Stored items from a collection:
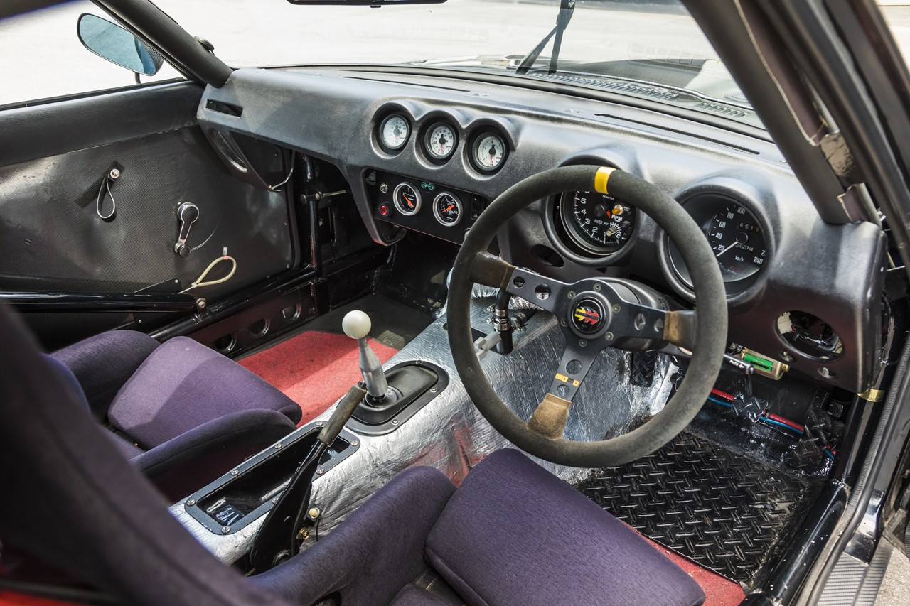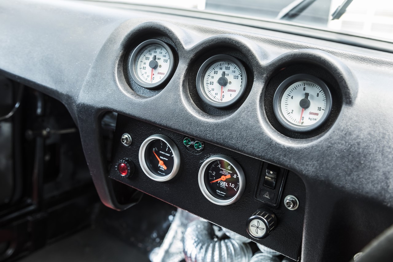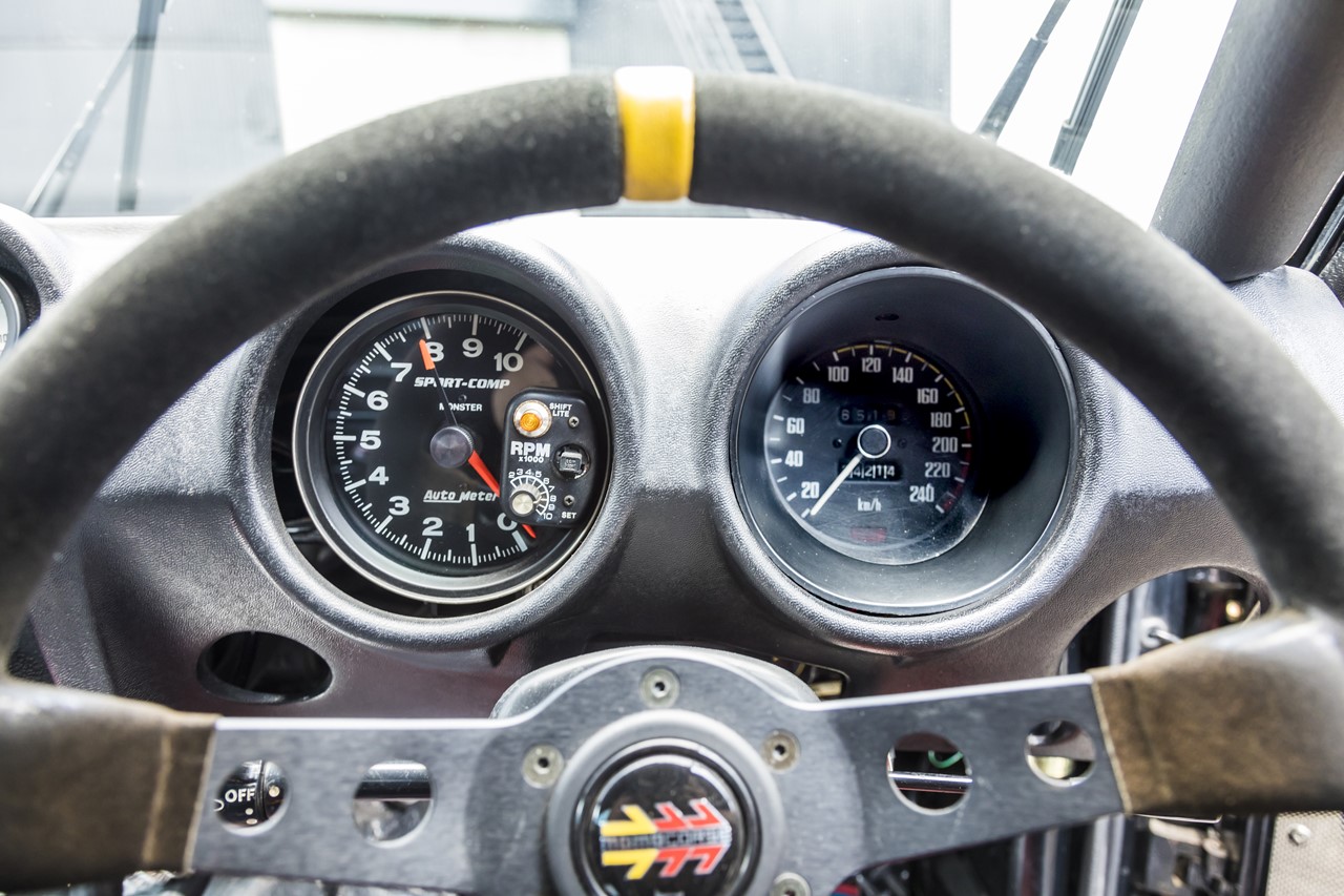 非常に軽量なFRP製のダッシュにはロールバーが貫通している。またドアパネルもカーボン製の簡素な作りとなっている。
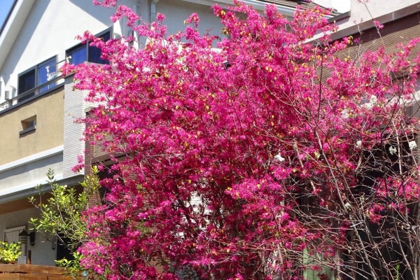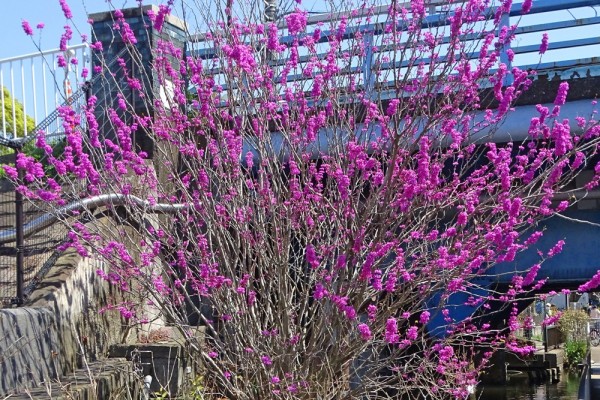 - 新川の船堀街道の脇に大きなハナズオウが満開でした。赤紫の花が木を覆うよ
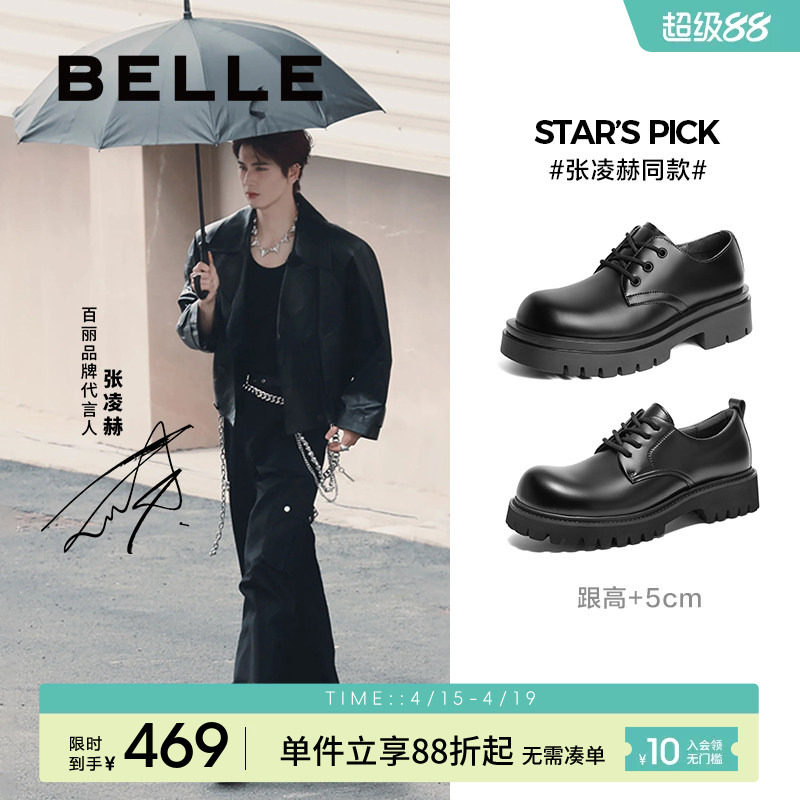 张凌赫同款百丽男鞋夏季新款厚底增高皮鞋大头休闲德比鞋A1434AM4
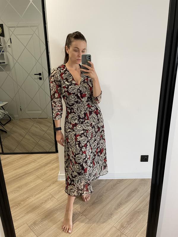 Плаття довжини міді Насичений квітковий принт V-подібний виріз Вкорочений рукав
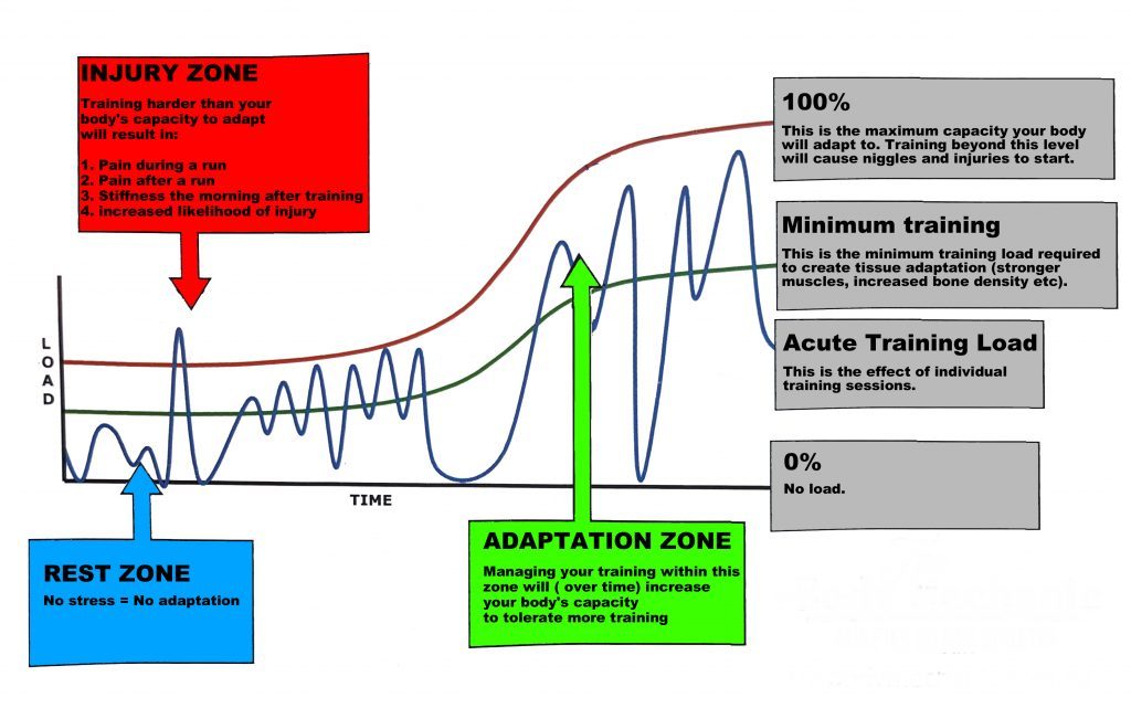 Most running injuries can be classified as “overuse injuries”. These injuries occur when the applied load (training) is greater than the body’s capacity to adapt (repair).
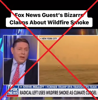 มีข้อมูลสร้างความเข้าใจผิดเผยแพร่ทางโทรทัศน์ในสหรัฐอเมริกา เมื่อ สตีเวน มิลลอย อดีตเจ้าหน้าที่สำนักงานปกป้องสิ่งแวดล้อมสหรัฐอเมริกา (USEPA) ในคณะทำงานช่วงเปลี่ยนผ่านรัฐบาลของ โดนัล ทรัมป์ ให้ความเห็นผ่านรายการสถานีโทรทัศน์ Fox News ว่า ชาวอเมริกันไม่จำเป็นต้องกลับมาสวมหน้ากากอนามัยอีกครั้ง เพราะฝุ่นควันที่ลอยมาจากไฟป่าในประเทศแคนาดาไม่เป็นอันตรายต่อสุขภาพ เนื่องจากควันจากไฟป่าเป็นของที่เกิดขึ้นจากธรรมชาติ พร้อมอ้างว่าฝุ่น PM เพิ่งเริ่มเป็นที่สนใจของสาธารณชนหลัง EPA เปิดประเด็นในช่วงทศวรรษ 1990’s เท่านั้น ทั้ง ๆ ที่ไม่มีหลักฐานว่ามีใครเคยได้รับผลกระทบทางสุขภาพจากฝุ่น PM การวิจัยของ EPA ยังไม่สามารถพิสูจน์ได้ว่าฝุ่น PM ส่งผลต่อสุขภาพของมนุษย์อย่างชัดเจน การอ้างเรื่องอันตรายจากฝุ่น PM จึงเป็นวิทยาศาสตร์ปลอม (Junk Science)
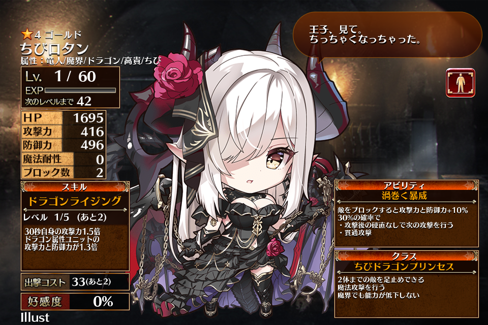 | ゴ | ル ド | ![]() ちびロタン | ちび ドラゴンプリンセス | Lv1 | 1695 | 416 | 496 | 0 | 2 | 33 | 30 | HP+330 防御力+66 攻撃力+50 | ドラゴンライジング | 渦巻く暴威 | 編 集 |
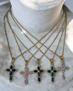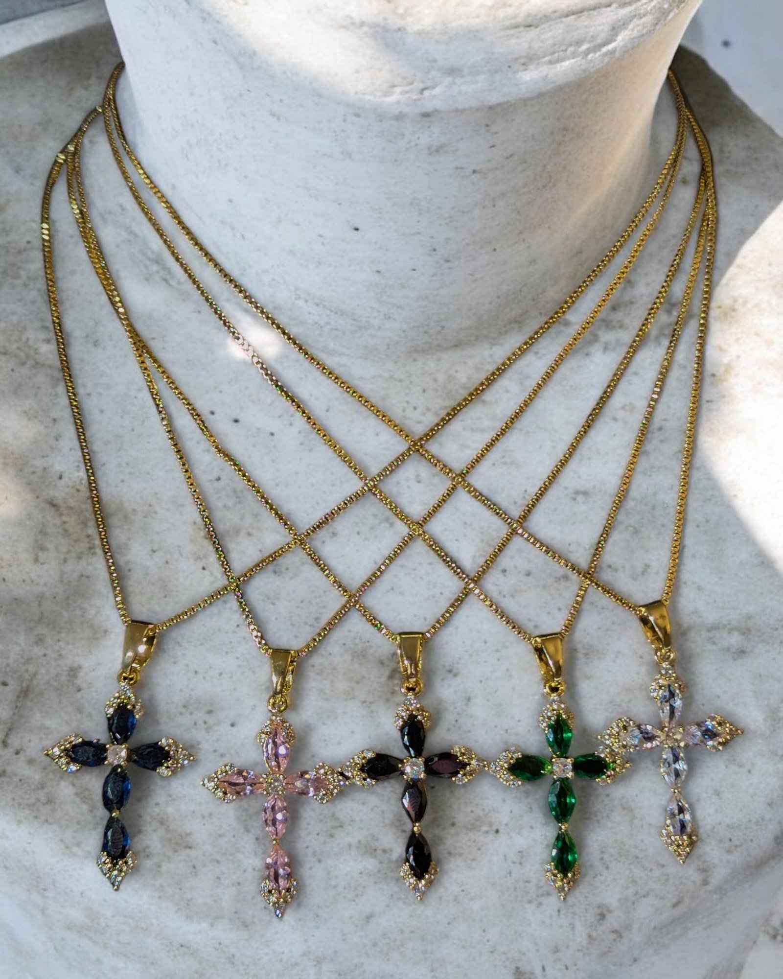 Each cross features 5 Marquise-cut stones, symbolizing the wounds Yeshua bore for our healing. Set on a shimmering 16" 18K gold-filled chain, these necklaces are designed to sit close to your heart, serving as a daily reminder of your identity as a child of The Most High!
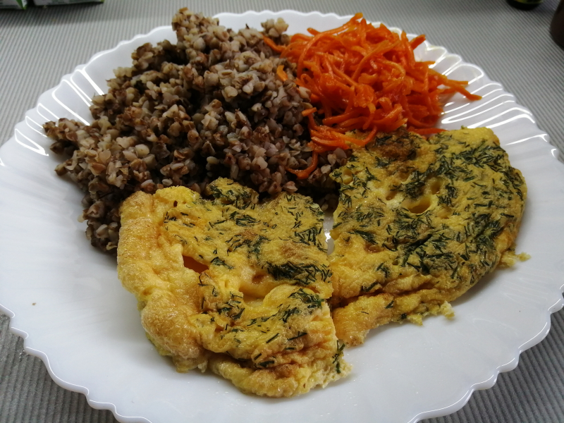 Запекла омлет в духовке на четырех яйцах. Получилась красивая корочка.
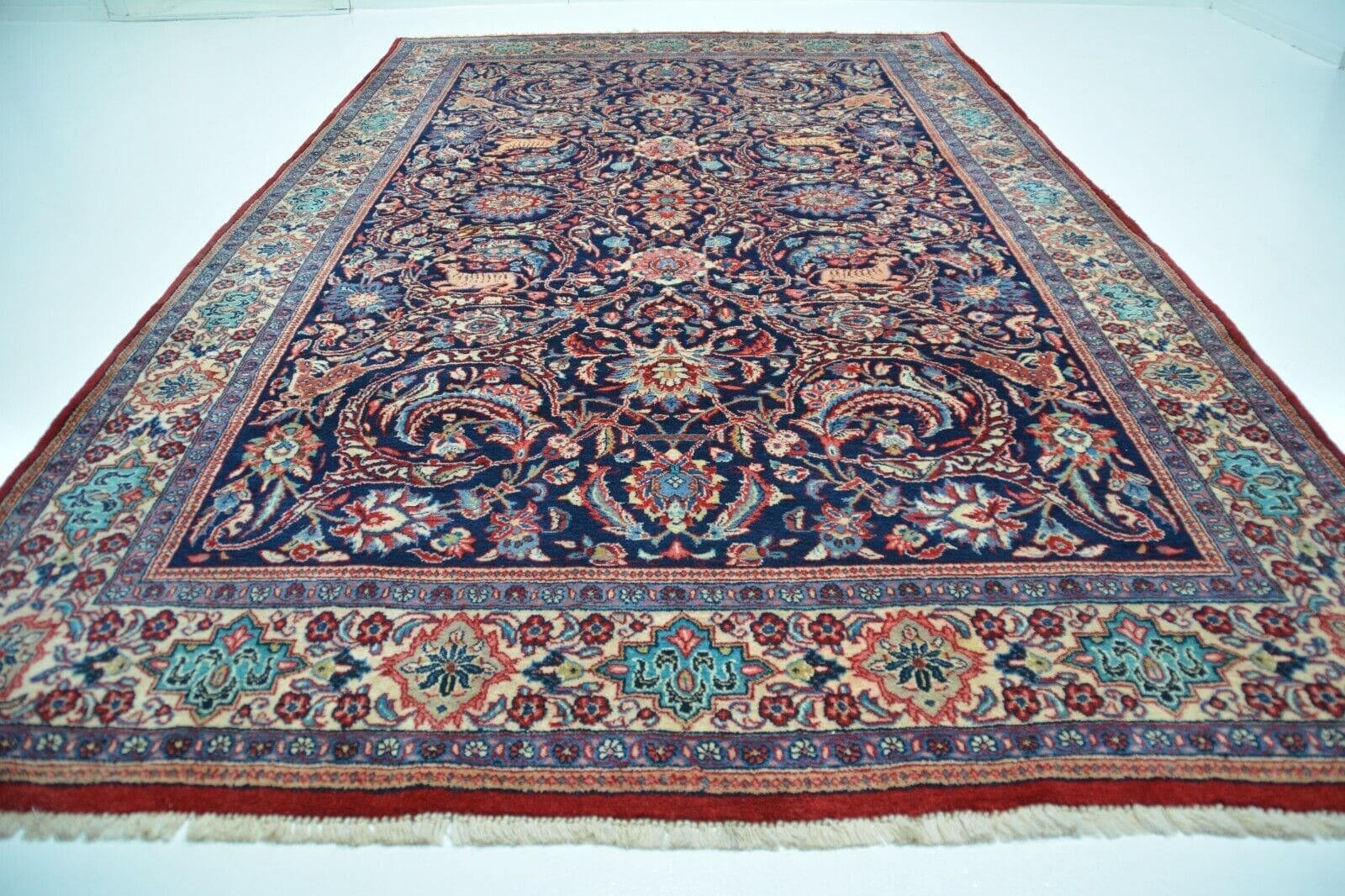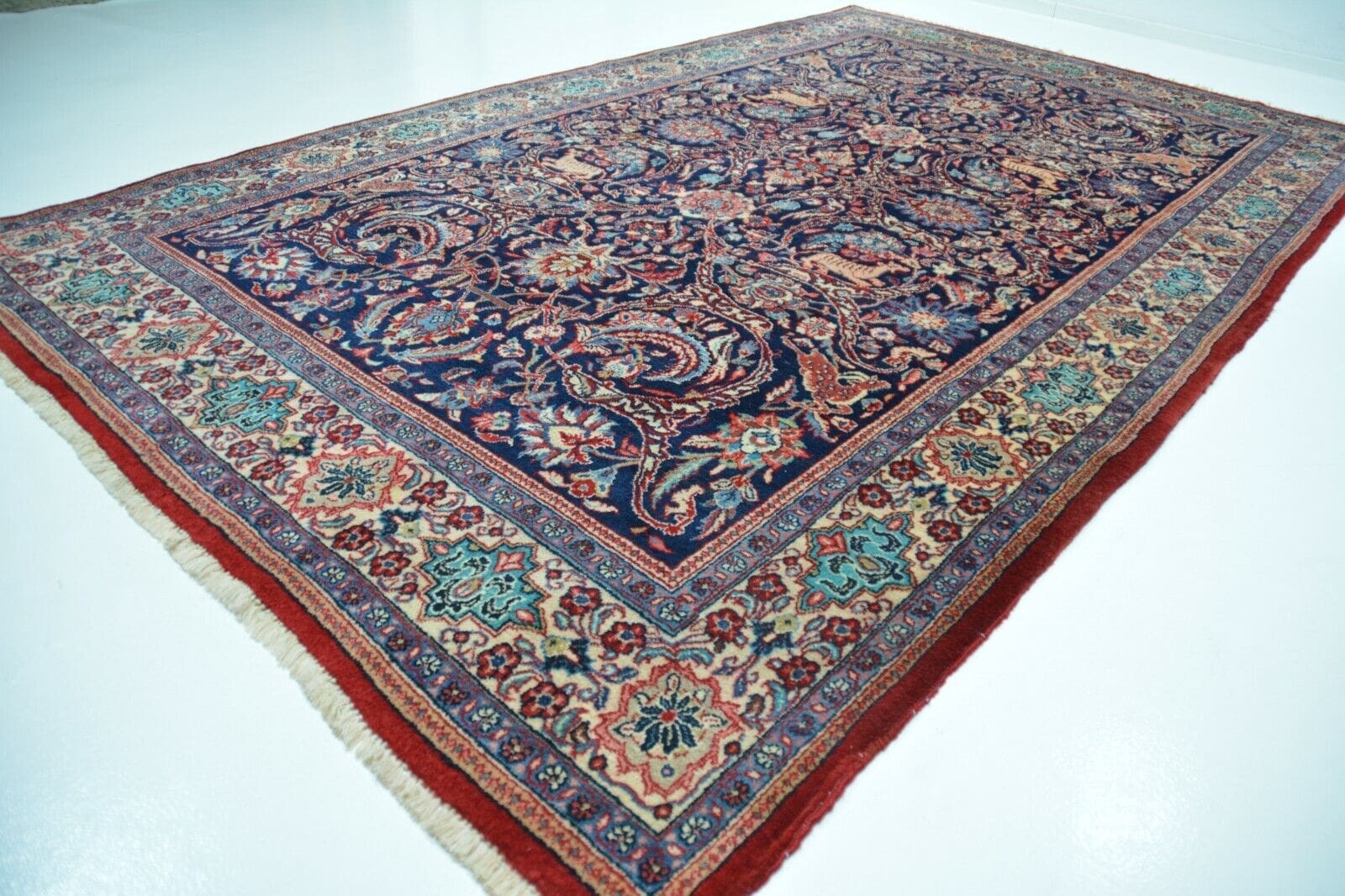 Handgeknüpfter antiker Sarugh Teppich | Größe: ca. 302 x 187 cm | Material: 90% Wolle, 10% Baumwolle | Zustand: Gut, professionell gereinigt | Knotendichte: Hochwertige Verarbeitung | Muster: Orientalisch, seltene Designs | Farbe: Mehrfarbig, schöne Farbgebung | Für Fußbodenheizung geeignet | Stil: Antik, rechteckig
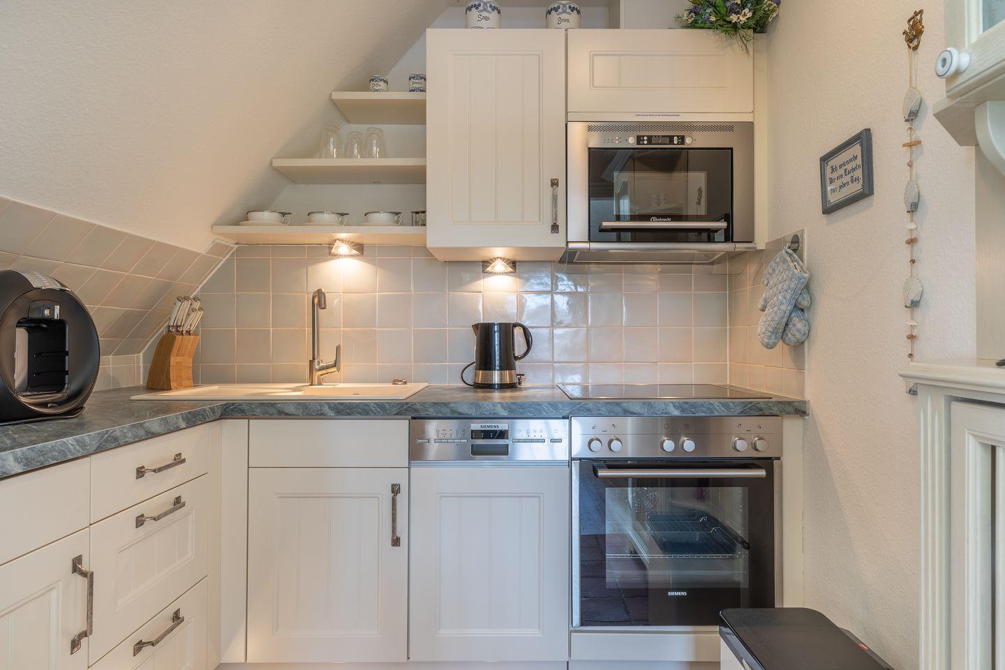 Küche (NEU): durch Flügeltüren trennbare moderne Einbauküche mit Backofen, Geschirrspüler, Cerankochfeld, Mikrowelle etc.

### What to do
Above are the records; copy exactly the lines from the one with "- 新川の船堀街道の脇に大きなハナズオウが満開でした。赤紫の花が木を覆うよ" through the one with "Most running injuries", including both, and nothing more. Leave out pictures.

### Answer for the task
 - 新川の船堀街道の脇に大きなハナズオウが満開でした。赤紫の花が木を覆うよ
 张凌赫同款百丽男鞋夏季新款厚底增高皮鞋大头休闲德比鞋A1434AM4
 Плаття довжини міді Насичений квітковий принт V-подібний виріз Вкорочений рукав
 Most running injuries can be classified as “overuse injuries”. These injuries occur when the applied load (training) is greater than the body’s capacity to adapt (repair).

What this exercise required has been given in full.